中に入ると、スタッフの方が展示について丁寧に説明をしてくれた。土地の説明、展示の説明、施設が作られた背景。展示は、亡くなった幼稚園に通っていた女の子が身につけていて、津波による火災で焼けてしまったクレヨンや靴。そして当時の小学生(自分と同い年の人もいた)の経験を、子ども目線で伝える展示があった。小さなシアターでは、幼稚園児の母親の語りが映し出されていた。普段涙なんて流さないのに、出てきてしまっていた(それは自分に余裕があるからなのかもしれない、たとえ主観ではそんなつもりはなくても)。
資料をいっぱいもらったが、小さいバッグで来てしまったため、売店でトートバッグを買った。対応してくれたのは先ほどのスタッフさんだったため、少し自分のことを聞かれた。仙台の大学に通ってることと、来年から伝える立場になることを伝えた。いつか一緒に仕事ができるかもねと言われて、嬉しかった。

その後、隣に位置する震災遺構の小学校に寄った。外観が整備されているのだと思ったら、中も広い展示場になっていた。体育館には潰れた消防車。校舎では、津波による火災で燃えた教室が保管されていた。その他、写真や詩が置かれていた。



いつの間にかに16時の電車はもう出発していた。結局夕暮れを見ながら丘を越えて駅に戻り、17時の電車に乗った。仙台までの1時間は、行きよりもあっという間に感じた。

さて、無力感と焦燥感が一日の旅で払拭されたのかと聞かれれば、そんなことはない。

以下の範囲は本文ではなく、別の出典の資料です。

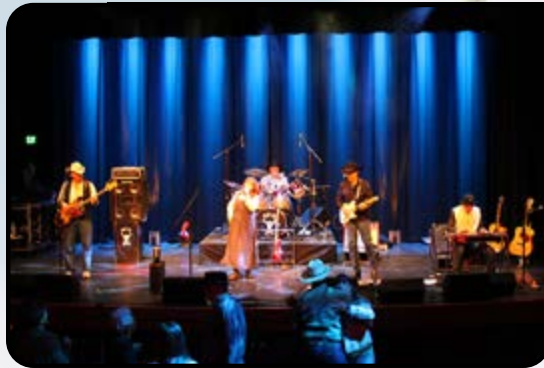
OUTLAW COUNTRY UTE THEATER P. 12

ただ、そんな気持ちが芽生えるのは、自分が自分のことを過信しているからでは?と思えてきた(トリガーは何かは分からない)。目の前の出来事や感じていることをリアルに伝えるのは、おそらく大学4年間なんかじゃなく、一生かかって自分が取り組むべき課題なんだと思う。

では、今の自分ができることは、すべきことはなんだろう(短期的には卒論を完成させることだけど、もっと大きなスパンで考えたいものだ)。